Skip the images. Copy the records exactly as written.

========================

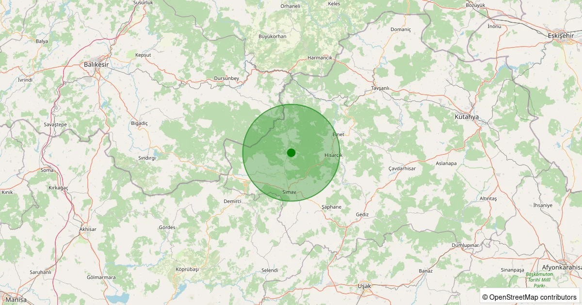 Son 7 gün içinde Simav - Yeşildere Köyü noktasından 100 km yarıçap içerisinde meydana gelen diğer depremler:
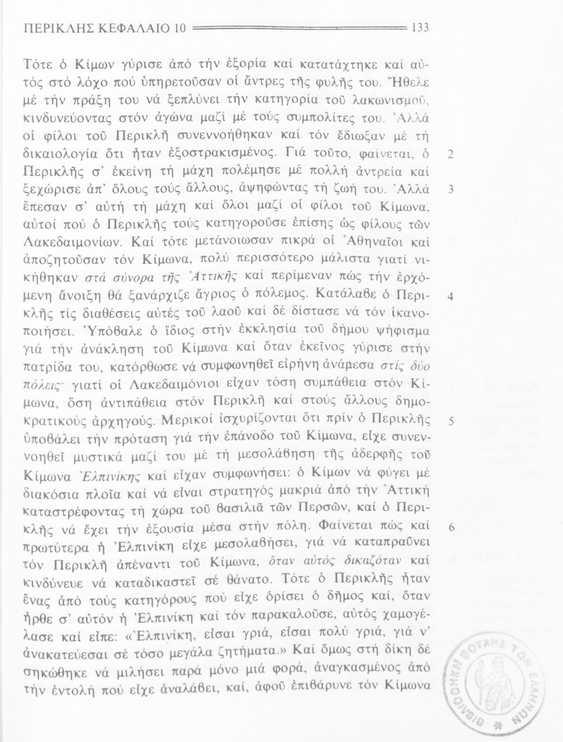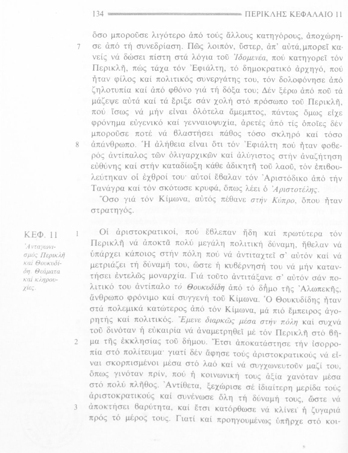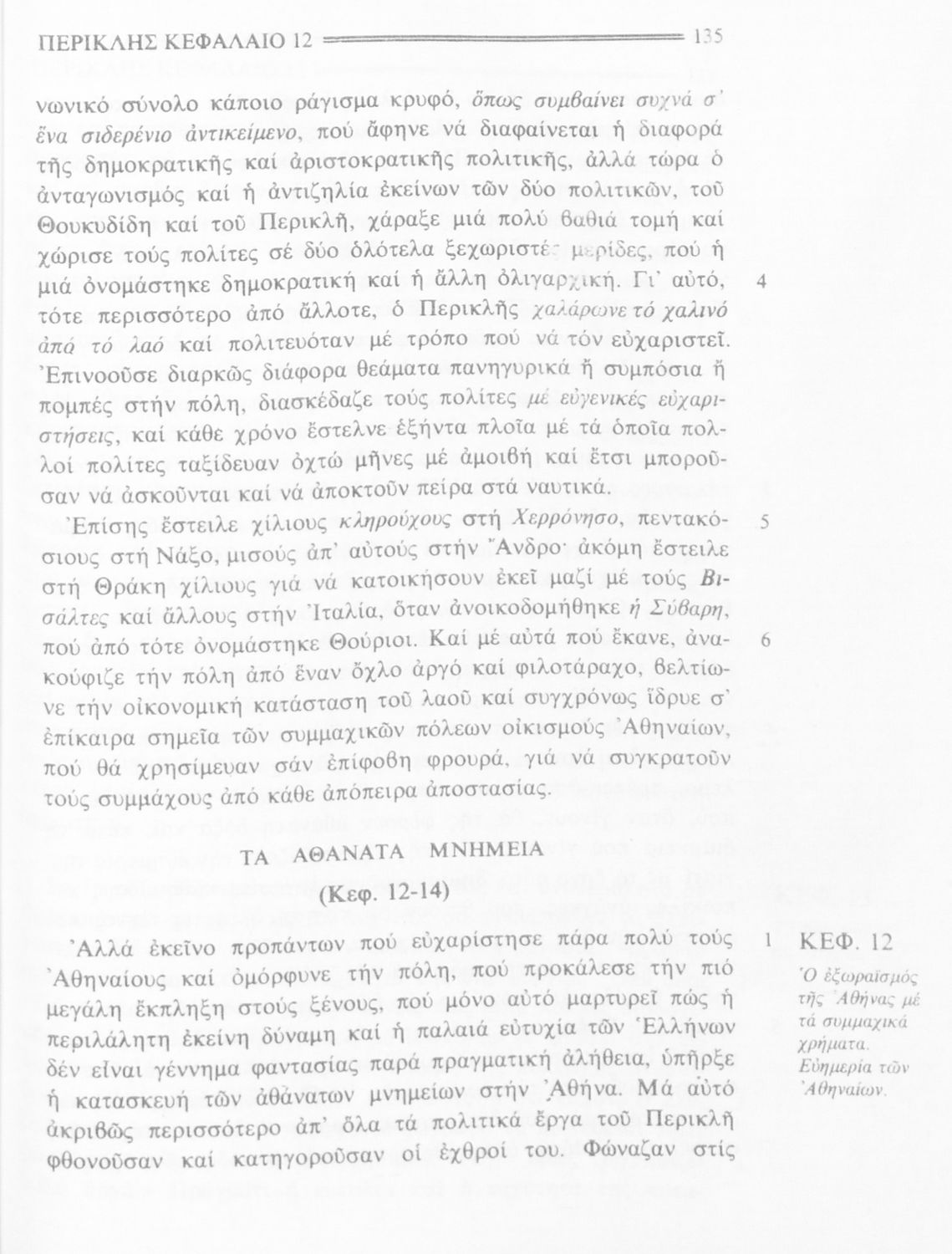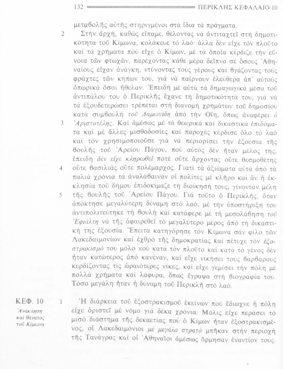 Σχολικό εγχειρίδιο Αρχαίων Ελληνικών Β΄ Γυμνασίου που περιέχει μετάφραση του έργο του Πλούταρχου Θεμιστοκλής και Περικλής, εισαγωγή και ερμηνευτικά σχόλια.
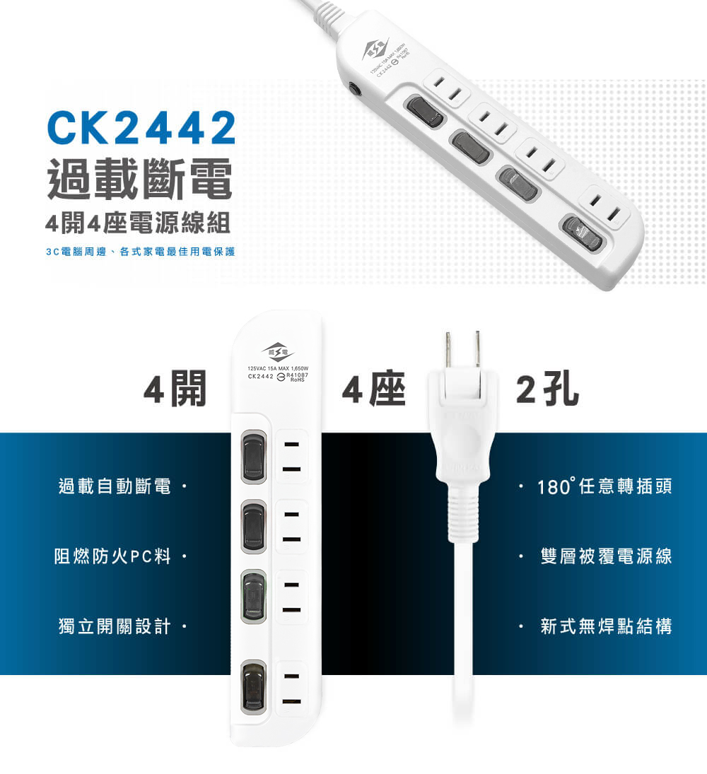 ‧ 過載自動斷電 ‧ 阻燃防火PC料 ‧ 180°任轉插...
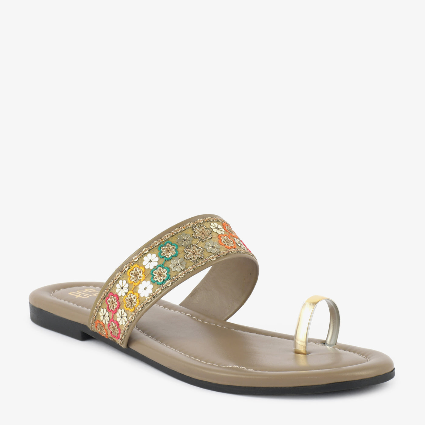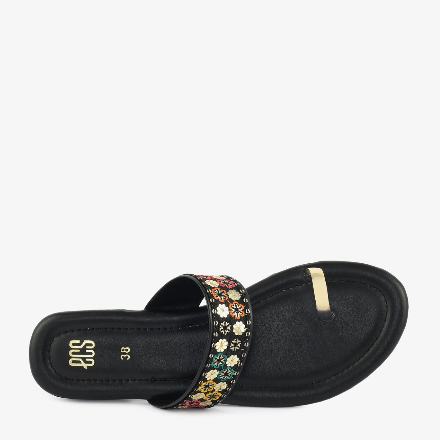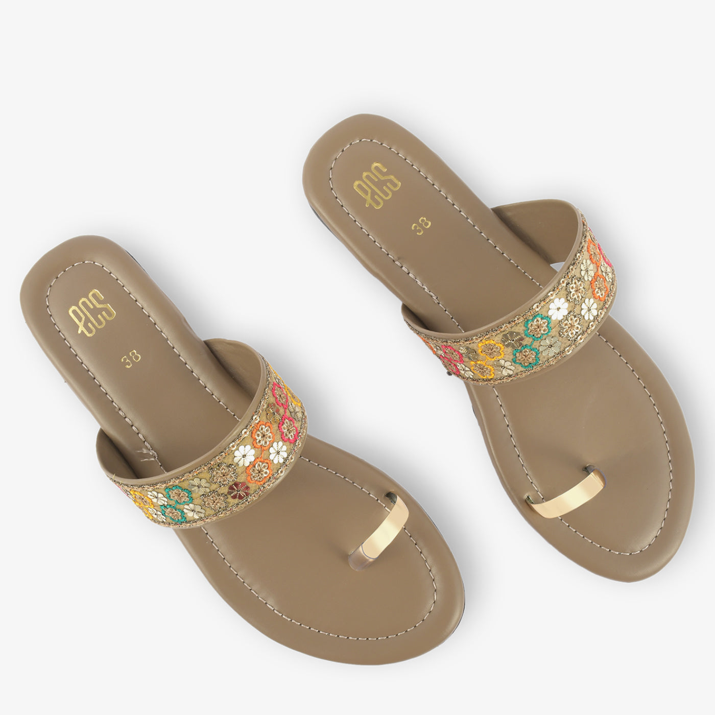Add a touch of vibrant detail to your look with the Floral Band Chappal. These chappals feature a beautifully embroidered floral band, creating a look that's both colorful and elegant. The comfortable flat sole makes them perfect for everyday wear.
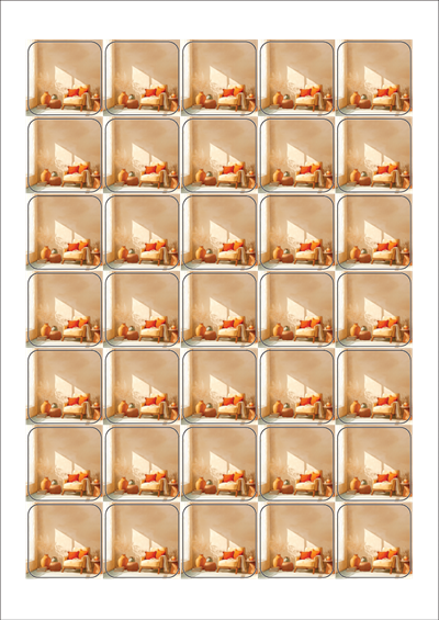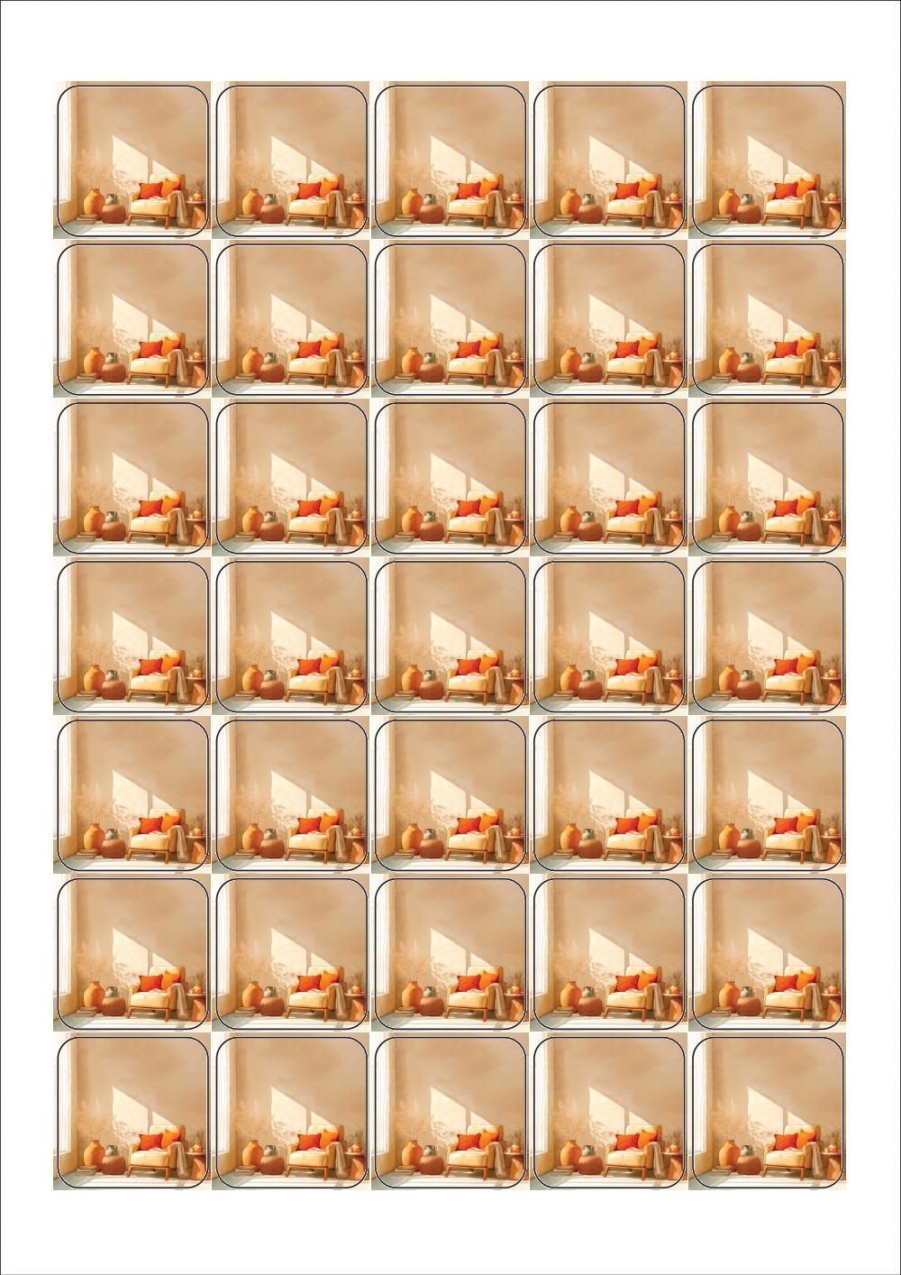 디자인된 A4 라벨지 출력용 라벨스티커, 규격코드: 257, 디자인코드: DA1436(아늑한 어느날 오후의 풍경), 35 x 35 (mm)
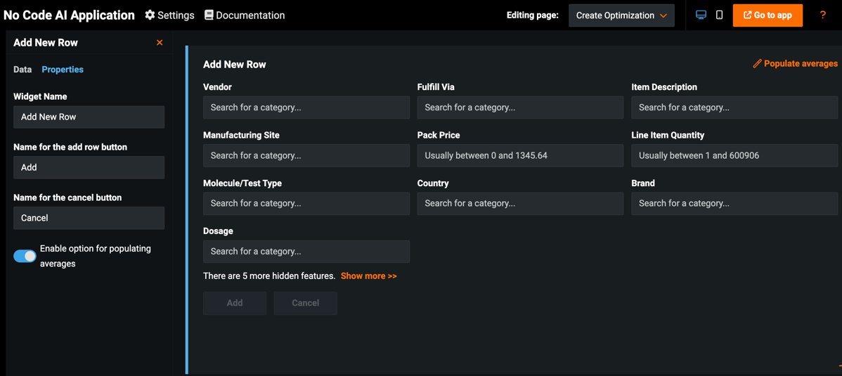 The Create Prediction page, or Create Optimization if you selected the Optimizer template, is where you make single record predictions using any features in the Add New Row widget.
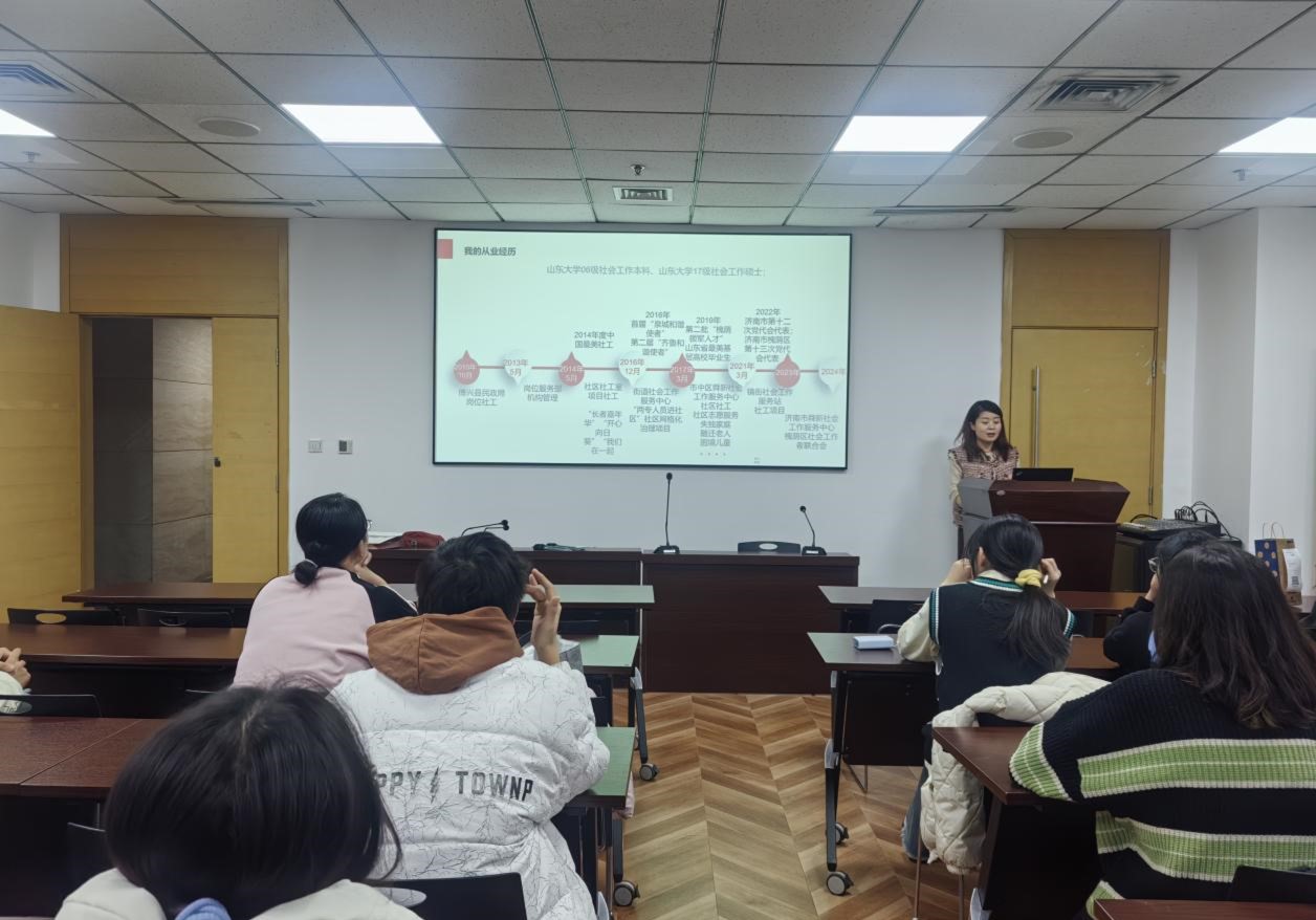 本次经验分享会由taptap点点官方网站团委主办、taptap点点官方网站学生科学技术协会协办,特邀拥有13年实务服务经历并荣获2014年度“中国最美社工”荣誉的山大校友张海丽女士前来分享。

========================

> [SOLUTION TO THIS TASK]
 Son 7 gün içinde Simav - Yeşildere Köyü noktasından 100 km yarıçap içerisinde meydana gelen diğer depremler:
 Σχολικό εγχειρίδιο Αρχαίων Ελληνικών Β΄ Γυμνασίου που περιέχει μετάφραση του έργο του Πλούταρχου Θεμιστοκλής και Περικλής, εισαγωγή και ερμηνευτικά σχόλια.
 ‧ 過載自動斷電 ‧ 阻燃防火PC料 ‧ 180°任轉插...
Add a touch of vibrant detail to your look with the Floral Band Chappal. These chappals feature a beautifully embroidered floral band, creating a look that's both colorful and elegant. The comfortable flat sole makes them perfect for everyday wear.
 디자인된 A4 라벨지 출력용 라벨스티커, 규격코드: 257, 디자인코드: DA1436(아늑한 어느날 오후의 풍경), 35 x 35 (mm)
 The Create Prediction page, or Create Optimization if you selected the Optimizer template, is where you make single record predictions using any features in the Add New Row widget.
 本次经验分享会由taptap点点官方网站团委主办、taptap点点官方网站学生科学技术协会协办,特邀拥有13年实务服务经历并荣获2014年度“中国最美社工”荣誉的山大校友张海丽女士前来分享。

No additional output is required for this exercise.